Disco del giorno…e un po’ di me! Traffic – John Barleycorn must die (1970)

Stevie Windwood (Birmingham, 1948) è un personaggio decisamente sui generis: dopo aver mietuto successi a ripetizione con lo Spencer Davis Group, fonda i Traffic e si circonda di talenti poliedrici come Jim Capaldi alla batteria, Dave Mason alla chitarra e Chris Wood ai fiati. Sforna due dischi, MR. FANTASY nel 1967, ebbene si la mitica trasmissione musicale condotta da Carlo Massarini su RaiDue prese il nome da quest’album, e TRAFFIC nel 1968: il primo è uno dei capisaldi della scena psichedelica inglese anni 60, il secondo migliora se possibile il livello inserendo sfumature di black music e altre fonti sonore molto eterogenee dal jazz , ad una sorta di progressive-folk.
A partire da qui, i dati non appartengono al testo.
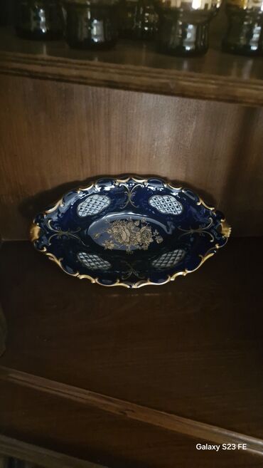 Bu oval formalı qab zərif dizaynı ilə seçilir. Tünd göy rəngdədir və qızılı naxışlarla, xüsusilə də qızılı güllərlə bəzədilmişdir. Qabın kənarları qızılı rəngli dalğalı haşiyəyə malikdir. İçərisində ağ rəngli damalı naxışlar qabın ümumi görünüşünə əlavə zəriflik qatır. Bu qab ev dekorasiyası üçün və ya şirniyyat, meyvə və digər qəlyanaltıların təqdimatı üçün istifadə edilə bilər. Klassik və zərif interyerlər üçün uyğundur.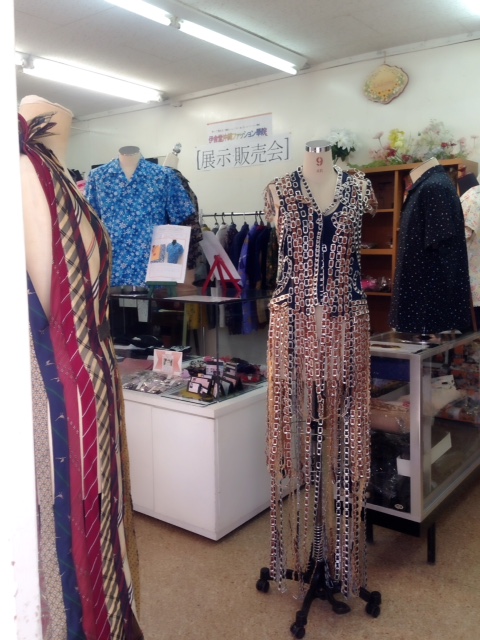 生徒さんの手作りの小物とかりゆしウエアが展示されています 😀 無料ドリンクもありますよ~ 明日までになりますので、是非見に来てくださいね。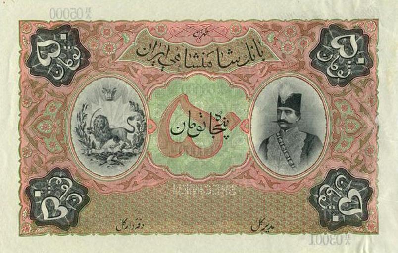| Keywords: IranP7s-50tomans-ND-donatedjs f.jpg en Banknote of Persia - 50 tomans; before 1911 bg Банкнота от Пе сия п еди 1911 г 50 пе сидски тумана 50 пе сидских туманов 1911 Аве с Об азец Импе скиа Банка на Пе сия Импе ский Банк Пе сии банкноти до 1911 http //www banknoteworld com/notedir/mappage html PD-old-100 PD-Iran 1911 banknotes Banknotes of Iran Qajar era Lions in heraldry 50 Toman 500 Rial banknotes Lion and Sun | ||||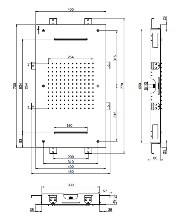 Верхний душ, Fima Carlo Frattini, Showerhead, тип установки-потолочный, размер душевого диска, мм-700*400, форма-прямоугольная, анти-кальк диффузоры, количество режимов-2, тип струи-ливневая, материал-нержавеющая сталь, цвет-хром Верхний душ, Fima Carlo Frattini, Showerhead, 700*400, цвет-хром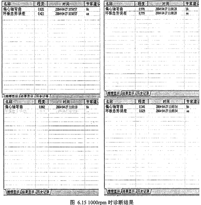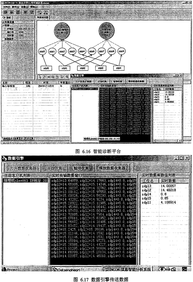 綜上分析,采用人機(jī)交互方式將Zdp14、Zdp15等參數(shù)輸入計(jì)算機(jī),智能診斷系統(tǒng)得到雙環(huán)減速器故障診斷結(jié)果,偏心軸彎曲故障,程度值在0~1范圍變化,齒形誤差較大。智能診斷結(jié)果如圖6.15所示。圖6.16是智能診斷平臺(tái)進(jìn)行現(xiàn)場(chǎng)一線診斷分析,圖6.17是數(shù)據(jù)引擎進(jìn)行實(shí)時(shí)數(shù)據(jù)接收和數(shù)據(jù)發(fā)送。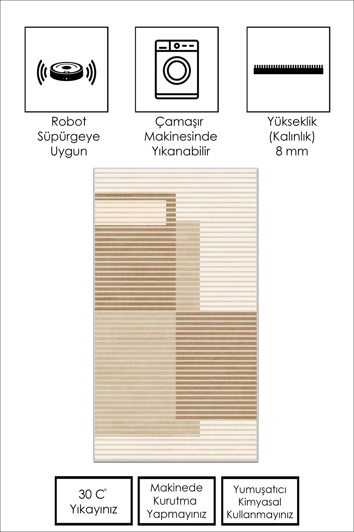 West Home Dijital Baskılı Yıkanabilir Kaymaz Taban Salon, Mutfak ve Yolluk Halısı-601 Beige

L’esperienza coi Traffic si interrompe e Windwood si sposta nei Blind Faith, super gruppo formato oltre che dal nostro, dalla chitarra di Eric Clapton e dalla batteria di Ginger Baker oltre che dal basso di Ric Grech, ex Family. Grandi promesse ma risultati scadenti, tanto che dopo circa un anno il super gruppo si scioglie e Windwood decide di usare la vecchia sigla, Traffic e due terzi dei vecchi compagni (esclude Mason) e, pensando seriamente ad un disco solista, confeziona un super capolavoro!
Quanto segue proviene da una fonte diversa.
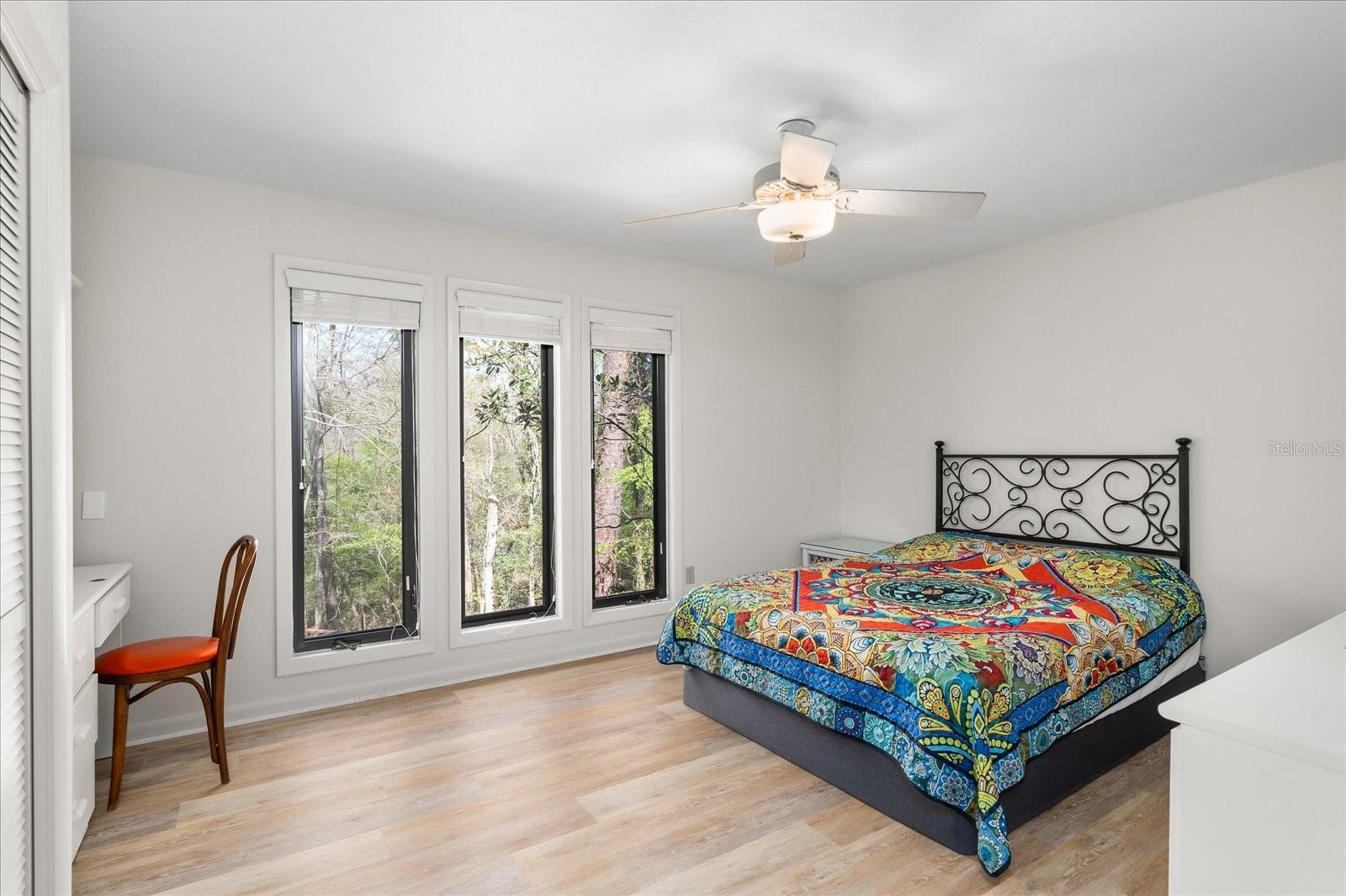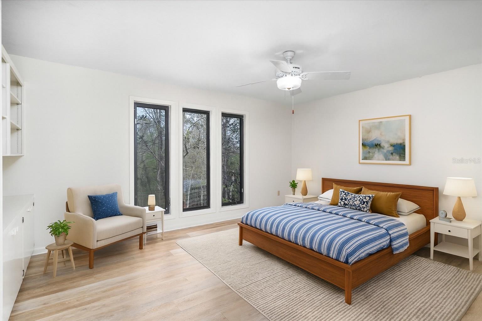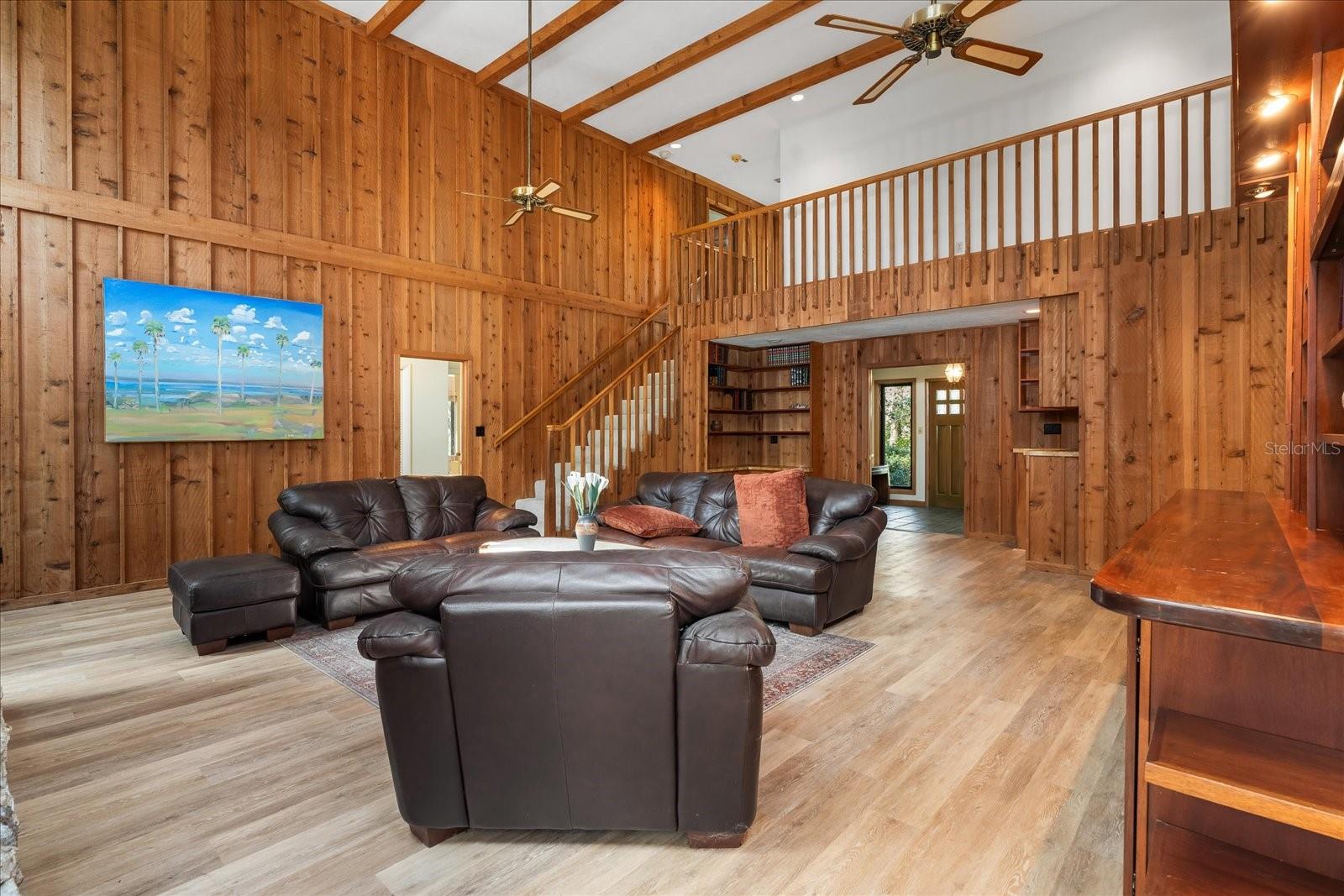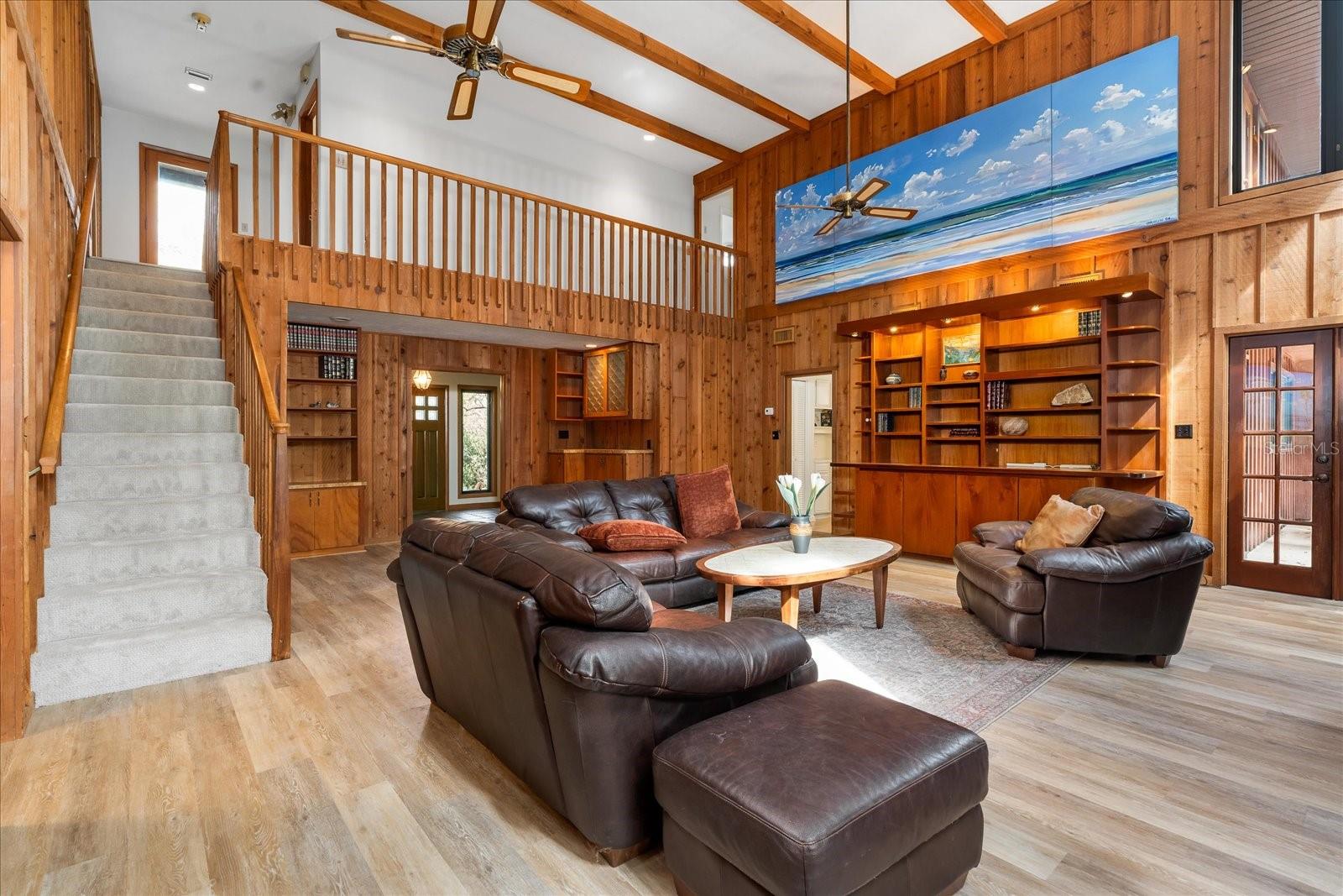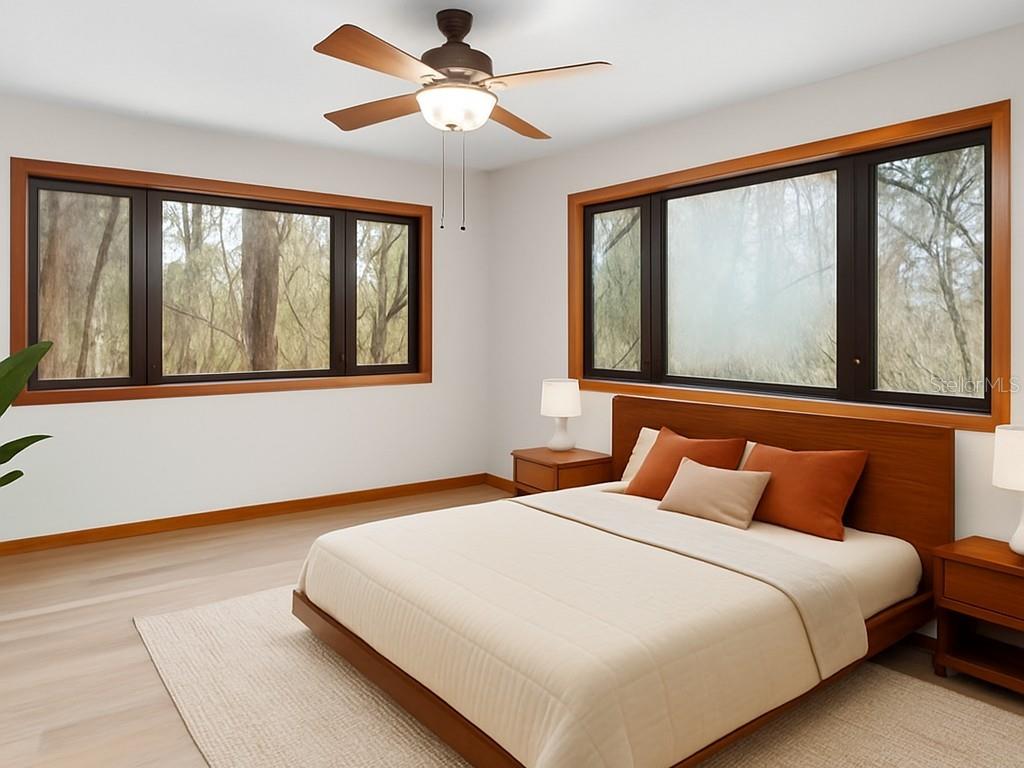 One or more photo(s) has been virtually staged. Tucked away on more than 2.5 acres less than a mile from UF and Shands, this one-of-a-kind property offers the serenity of a nature preserve right in the heart of Gainesville. Perched high above Hogtown Creek, the home captures sweeping, tree-top views and complete privacy — a rare combination of acreage, location, and natural beauty. Step inside to a dramatic two-story great room wrapped in cedar batten-and-board with a striking Spade stone fireplace that anchors the space and frames the view beyond. Walls of windows blur the line between indoors and out, filling every room with light and a connection to the surrounding preserve. The main level features a formal living room with bay windows, a spacious dining room with custom built-ins, and an island kitchen with double ovens and breakfast area opening to the pool deck. The primary suite is a peaceful retreat overlooking the pool and wooded backdrop, while upstairs offers five additional bedrooms (two of which have ensuite bathrooms) plus an office and game room — plenty of space for family, guests, or multi-generational living. Recent updates include a NEW 2024 roof, newer water heaters, fresh interior and exterior paint, and luxury vinyl flooring. Outdoors, enjoy the 30,000-gallon pool, multiple decks, and direct access to the creek below. With timeless design, enduring craftsmanship, and unmatched privacy, this Shands Woods retreat blends the best of nature and convenience — minutes to UF, Shands, the VA, and downtown, yet worlds away from it all.

JBMD è la sintesi fra folk, rock e jazz che supera di slancio la forma canzone per proporre un lavoro di una compattezza epocale che omaggia la tradizione, la leggenda di John Barleycorn, risalente al quattrocento, vien rivista e trasportata nei tempi moderni. A proposito della title track credo, con ragionevole dubbio, di aver studiato il testo in seconda superiore durante le lezioni di Inglese della professoressa Claudia Scapini… non ne sono certo ma sono sicuro che qualcuno della Cricca delle superiori mi conforterà in questo… oppure dirà che la mia senilità sta galoppando alla grande! Comunque torniamo al disco che come dicevo è compatto come pochi fra strumentali esaltanti (Glad), funk jazz inconsapevoli (Freedom rider), soul bianco in acido (Stranger to himself) e tempi medi, verdi praterie e brumose brughiere. Una meraviglia da ascoltare, acoltare, ascoltare e ascoltare e ascoltare…. 5 Stelle assolute per un livello di opera che ne i Traffic, ne Stevie Windwood raggiungeranno più! Niente malinconie, hanno dato tantissimo alla musica rock e di questo saremo sempre riconoscenti!

Classificazione: 5 su 5.

TRAFFIC – JOHN BARLEYCORN MUST DIE (1970)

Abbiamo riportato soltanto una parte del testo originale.